Perhaps the most personally significant cut is “Ribbon of Darkness,” which Gayle sang for her first performance on the Grand Ole Opry — as a last-minute replacement for Lynn. Only 16 at the time, she went by Brenda Gayle, an alteration of her given name, Brenda Gail Webb. (Lynn soon decided that singer Brenda Lee had laid claim to her little sister’s first name and, inspired by a Krystal hamburger sign, christened her again.)

“Loretta was sick,” Gayle recalls of her Opry debut, “and I know Mooney, her husband, talked somebody into letting me go on stage that night.”

Today, Gayle remembers little about the performance “other than just being there and singing and just being so nervous. If I could have hidden behind the microphone stand, I would have.”

Fifty years later, in January 2017, Gayle sang the same song on the night she was inducted into the Grand Ole Opry by Lynn. An Opry regular for years, Gayle says the invitation, which Carrie Underwood extended on stage in November 2016, was “a nice surprise.”

Doubtless for some fans, the real surprise was that she wasn’t already a member. But Gayle brushes aside the timing, saying she has always felt part of the Opry family. “Now,” she jokes, “I say the only difference is I have to sweep the floor at night!” (She adds, reverentially: “I would sweep the floor. It wouldn’t bother me.”)

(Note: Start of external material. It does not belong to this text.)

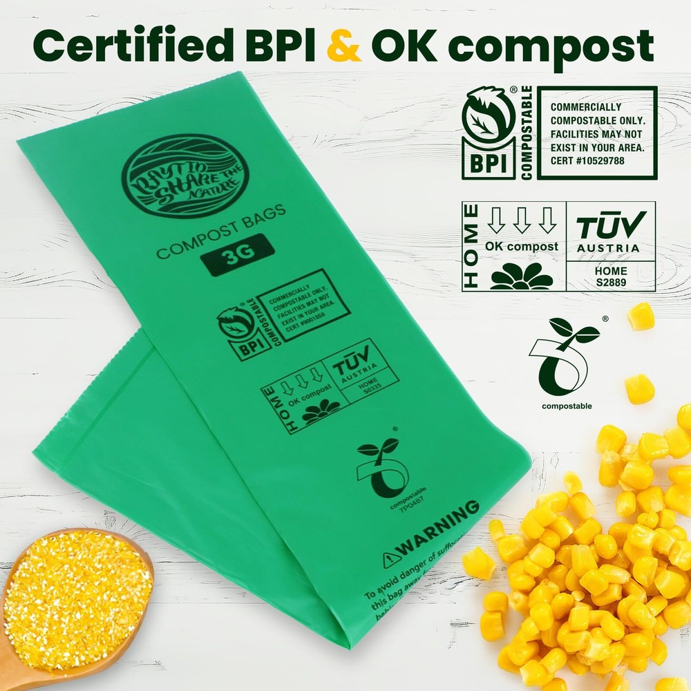 PRODUCT INFORMATION: Compostable bags 3 gallon 16.9 in x 18 in, 100 compost bags per roll. Kitchen small trash bags: These compost bags for countertop bin and compost bin are stretch, strong, expand to accommodate oversized loads without punctures, leaks or tears. compostable trash bags: 100% Compost meet with US BPI ASTM D6400 and EU OK Compost EN 13432 standard. Degrades into humus, CO2, and water within 180 days in a standard compost pile. HIGHEST BIOBASED CONTENT: compost bin bags are made from plant starches and contain NO polyethylene. Our garbage bags are durable, nontoxic, easy to use and great for the environment. USAGE & STORAGE: Avoid excessive heat; compost bag in a cool, dry place and use within 10 months of purchase.

Gayle continues to keep an active artist schedule, performing 40 to 60 dates a year. In April, she had a command performance at Nashville’s Bridgestone Arena for Lynn’s birthday tribute concert, singing “Don’t It Make My Brown Eyes Blue” at her sister’s request. Gayle reports that Lynn, who lives about 75 miles west of Nashville, is “strong” and happily entertains a string of constant guests: “She gets so many people visiting that when you go down there, it’s a mess.”

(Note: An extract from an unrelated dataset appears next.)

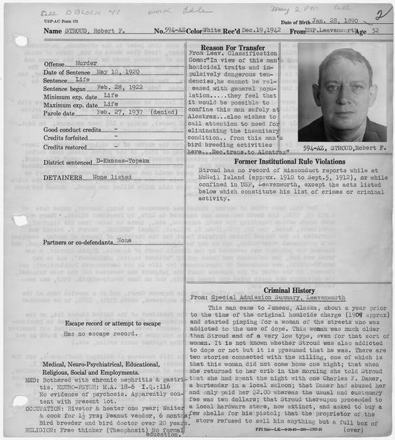 A page from the warden's notebook, featuring a mug shot of Robert Stroud, known as the 'Birdman of Alcatraz,' taken on January 28. This record is part of the prison documentation at Alcatraz.

RELATED: Loretta Lynn Celebrates Her Birthday with a Star-Powered Concert — and Keith Urban Takes the Cake!

Fans, of course, can expect “Brown Eyes” as a constant in Gayle’s setlist, along with such other hits as “” and “.”

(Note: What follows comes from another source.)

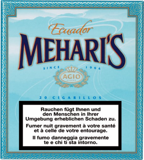 Die Agio Mehari's Ecuador sind Cigarillos mit einer Länge von 100 mm und einem Durchmesser von 9 mm. Sie verfügen über ein helles, im Schatten gereiftes Ecuador-Deckblatt, das ihnen ein mildes und feinwürziges Aroma verleiht. Die Einlage besteht aus einer Mischung ausgesuchter Tabake aus Indonesien und Südamerika. Mit einer Rauchdauer von etwa 10 bis 15 Minuten bieten sie ein sanftes und ausgewogenes Raucherlebnis.

At least for the meantime, they can also expect to see Gayle’s trademark hair that sweeps long past her waist. She once let it grow out three to four inches beyond her 5-foot-2 height, but she says, she tired of stepping on it on stage with her high heels.

Gayle says she considered cutting it off many years ago, but her daughter, Catherine (now 36), protested. “You can’t cut your hair — you won’t be Crystal Gayle, ” her daughter told her, according to her recollection.

But Gayle says she’s now toying again with a significant encounter with scissors. “It’s hard to get rid of something that’s been around for a while,” she says, but yes, she confirms it has become a bit of a burden.

“I keep thinking, when I quit the road, is that when I cut it — or do I cut it before?” she says, adding that she’s being tempted by some current styles.

This isn’t like Samson’s hair, though. She still will be able to sing, right?

She just laughs at the playful suggestion: “Oh, I hope so!”